Cette accélération s’aligne parfaitement avec l’explosion de la demande pour les centres de données. Les entreprises qui cherchent à déployer des capacités d’IA générative ont besoin de puces spécialisées que seul TSMC peut fabriquer à grande échelle. Que ce soit l’infrastructure d’OpenAI supportant ChatGPT ou les serveurs alimentant Gemini d’Alphabet, la silicon sous-jacente remonte à Taiwan.
Pourquoi TSMC reste inégalé dans la fabrication de puces
Avec une capitalisation boursière dépassant 1,7 billion de dollars après sa hausse de 54 % en 2025, TSMC a rejoint un club exclusif de seulement 11 entreprises dans le monde valorisées à plus d’un billion de dollars. Cette valorisation n’est pas arbitraire — elle reflète les avantages structurels de l’entreprise.
Considérons le paysage concurrentiel. Samsung Electronics détient environ 7 % du marché de la fonderie. Intel, autrefois géant des semi-conducteurs, accuse aujourd’hui un retard considérable en capacité de fabrication. TSMC ? Elle domine avec environ 72 % de part de marché dans les services de fonderie de puces générales et plus de 90 % dans la production de puces avancées pour l’IA. Ces chiffres soulignent une réalité : il n’existe tout simplement pas d’alternative viable à l’échelle ou à la sophistication technologique de TSMC.
Le modèle de fonderie de l’entreprise — fabriquer des puces conçues par d’autres plutôt que de vendre directement aux consommateurs — crée des relations durables. Apple conçoit ses processeurs ; TSMC les construit. Qualcomm externalise la fabrication à TSMC. Des centaines d’entreprises technologiques dépendent des capacités de production avancées de la société, ce qui se traduit par une barrière concurrentielle durable.
Au-delà du récit sur l’IA
Alors que l’intelligence artificielle domine les gros titres récents, réduire TSMC à une « plateforme IA » manque la vision d’ensemble. Virtuellement tous les appareils technologiques modernes — voitures, téléviseurs, tablettes — contiennent des puces fabriquées par TSMC. La société est intégrée dans le tissu de tout l’écosystème technologique.
Cette diversification est importante pour les investisseurs à long terme. Si les dépenses en capital pour l’IA se modèrent dans les prochains trimestres, le cœur de métier de TSMC reste résilient. La croissance des revenus pourrait ralentir par rapport aux taux explosifs récents, mais la proposition de valeur fondamentale perdure.
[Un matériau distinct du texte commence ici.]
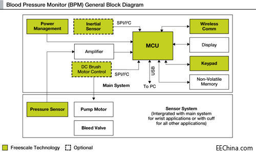 家庭自动血压计正在被越来越多地用于高血压的诊断和管理。家庭自动血压计包括臂式和腕式单元。图1演示了典型血压计的系统模块框图。可在http://www.freescale.com/medical下载该模块框图和其他图表。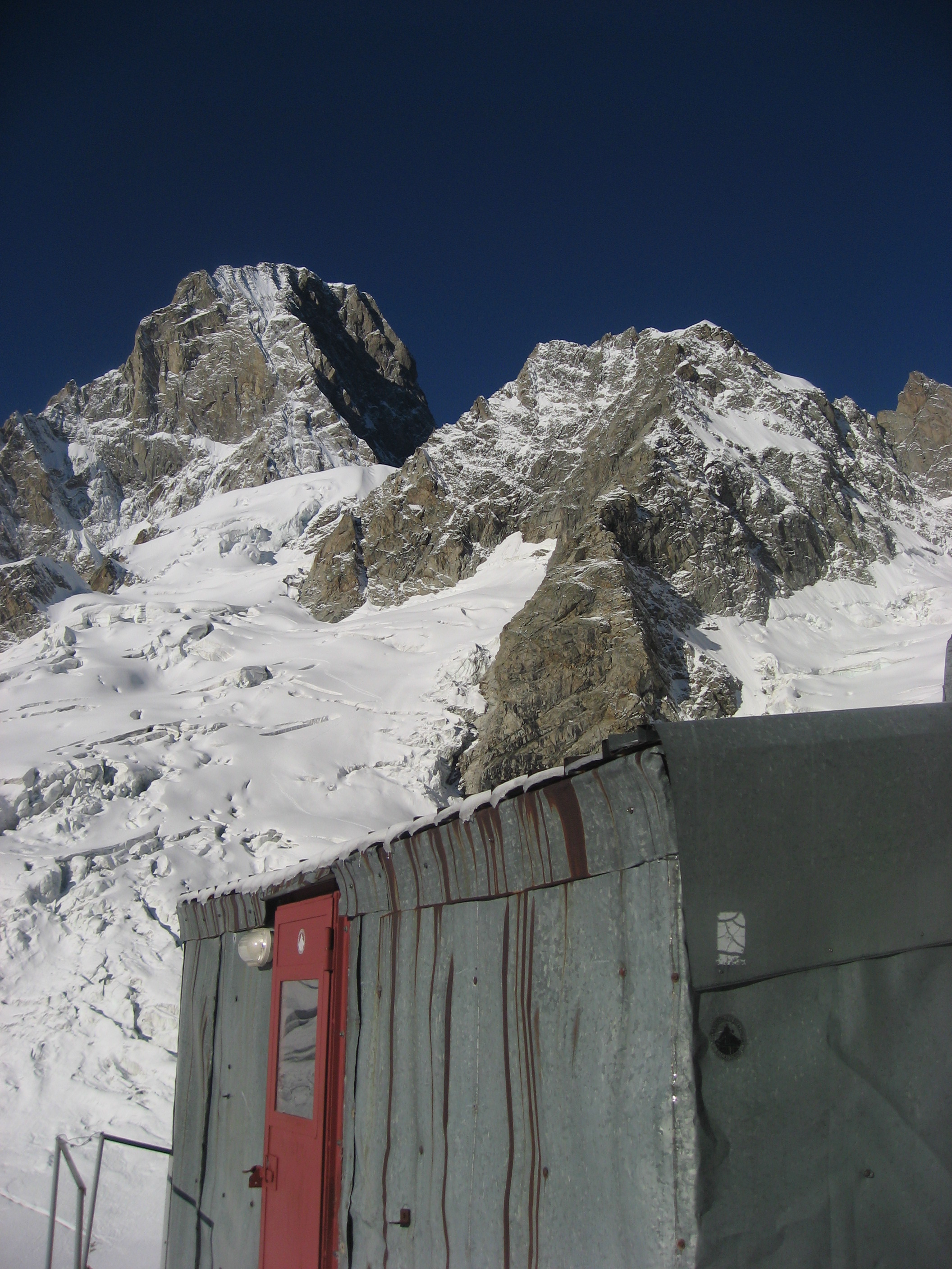 Nuit sans surprises, réveil vers 8 heures avec le lever du soleil sur la face Est des Jorasses, magnifique. Le cirque glaciaire est grandiose. Le froid matinal est saisissant mais la température se réchauffe rapidement comme le soleil vient baigner le refuge. Le temps est radieux. En regardant le glacier de Frébouze, notre trace apparaît d’ici comme le seul itinéraire possible. De nuit… Chapeau, Jean!

Les entreprises technologiques ne peuvent pas compromettre la qualité des puces sans sacrifier la performance des produits, et TSMC reste la référence en matière de rendement de fabrication et de sophistication technologique.
La justification de la croissance de la capitalisation boursière de TSMC
Les rendements historiques donnent une idée : TSMC a enregistré en moyenne environ 22 % de gains annuels au cours des cinq dernières années. Extrapoler cette performance indéfiniment serait irréaliste. Cependant, la trajectoire suggère un leadership durable dans l’industrie.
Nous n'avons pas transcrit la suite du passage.